One of the most important and controversial issues in economic development is the recent worldwide increase in income disparity within countries, particularly in developing countries like India that have experienced drastic and successful liberalisation. This has called into question the objectives or notions behind the processes of globalisation and liberalisation. India is the second largest developing economy in the world, which has been experiencing inter-state and intra-state imbalanced economic growth. Barro and Sala-i-Martin (1995) and others pointed out that imbalanced economic growth is a serious challenge to the development of the economy, as it creates social, economic and political tensions across regions at various levels.
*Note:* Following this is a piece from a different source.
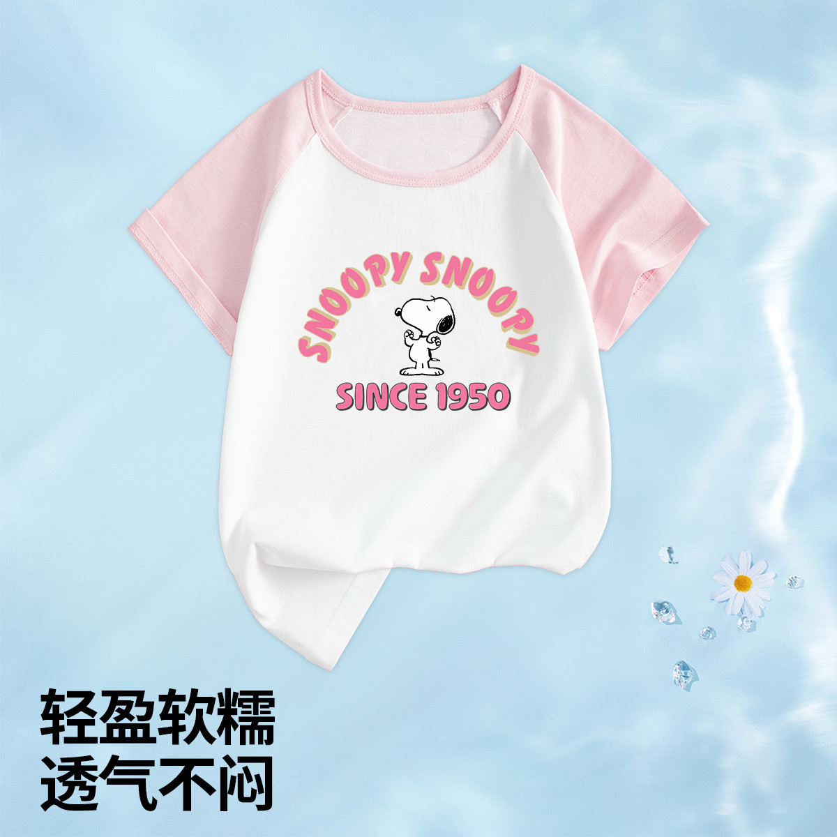 【100%纯棉插肩袖百搭t】夏季儿童短袖女童T恤 735768

The issue of regional imbalance has been emphasised in all five-year plans, and various policies and programmes have been adopted to achieve balanced regional development. For instance, the 11th five-year plan (2007–2012) identified the need for the benefits of growth to flow to those sections of the population that have been ignored in the fast economic growth of the post-reform years.
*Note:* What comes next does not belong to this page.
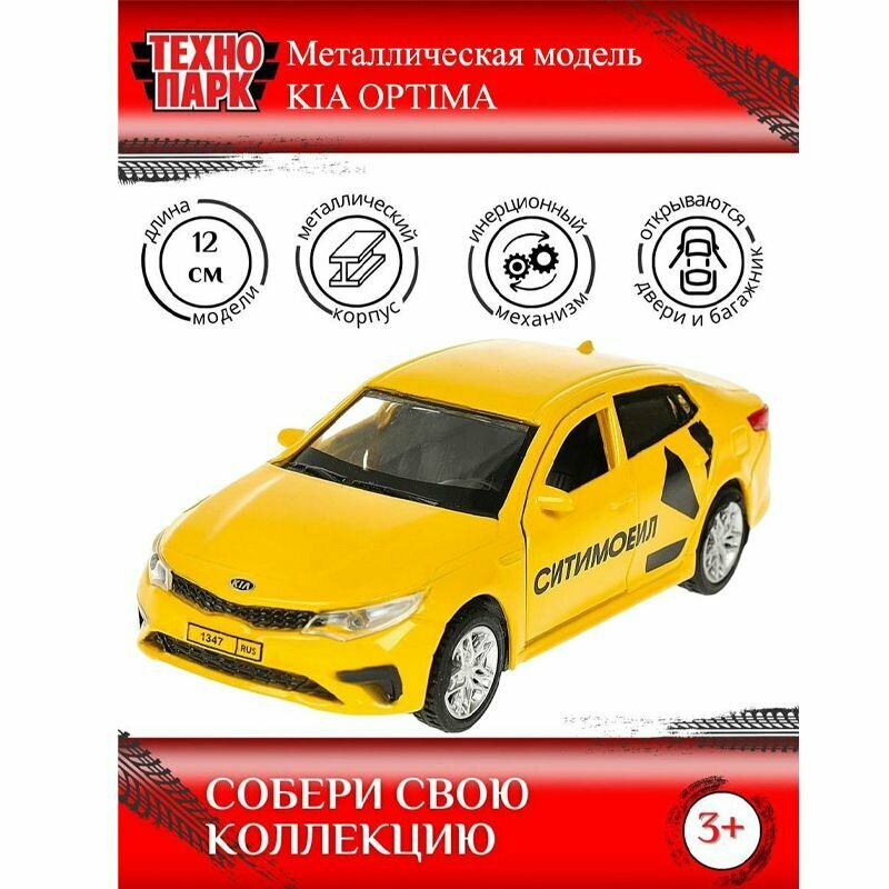 Купить Машинка детская KIA Optima Такси Ситимобил 12 см, Технопарк, желтая, открываются двери и багажник, металлический корпус

Investment is identified as a crucial factor for economic growth at both the national and state levels in the Indian economy (Rao et al. 1999, Blejer and Khan 1984). The inflow of investment into a state creates employment opportunities, and generates income, output and tax revenue. Investment is sourced from both private- and public-sector institutions. The flow of public investment is discretionarily determined by the central and state governments. In contrast, the flow of private investment is determined by the rate of returns on investment in the market. In India, before 1991, the Monopoly Restrictive Trade Practices Act (MRTPA) required private players to seek permission from the central government to establish new investment projects, expand units and increase production capacity, in order to ensure fair allocation of private investment and balanced regional development. Similarly, under the Industrial Licensing Act 1951, individual investors had to petition the central government with regard to their investment proposal and the government reserved the final decision on the location of the investment. This restrictive allocation of private investment did not allow firms to operate at their optimal level of efficiency (Calberg 1981). Economic liberalisation reforms initiated in 1991 abolished several such measures and offered private investors the freedom to choose their investment location. This created competition among states to attract market-determined private investment by designing suitable policies and providing incentives. Private investment in a state pushes up economic growth, creates employment, enhances tax generation base etc. Thus, an analysis of the types of investment and disparity of economic growth at the state level is extremely relevant from a policy perspective. In a recent paper, I examine the patterns and causes of income disparity across the Indian states by focusing on the relative importance of public and private investment during the post -reform years (Mallick 2014).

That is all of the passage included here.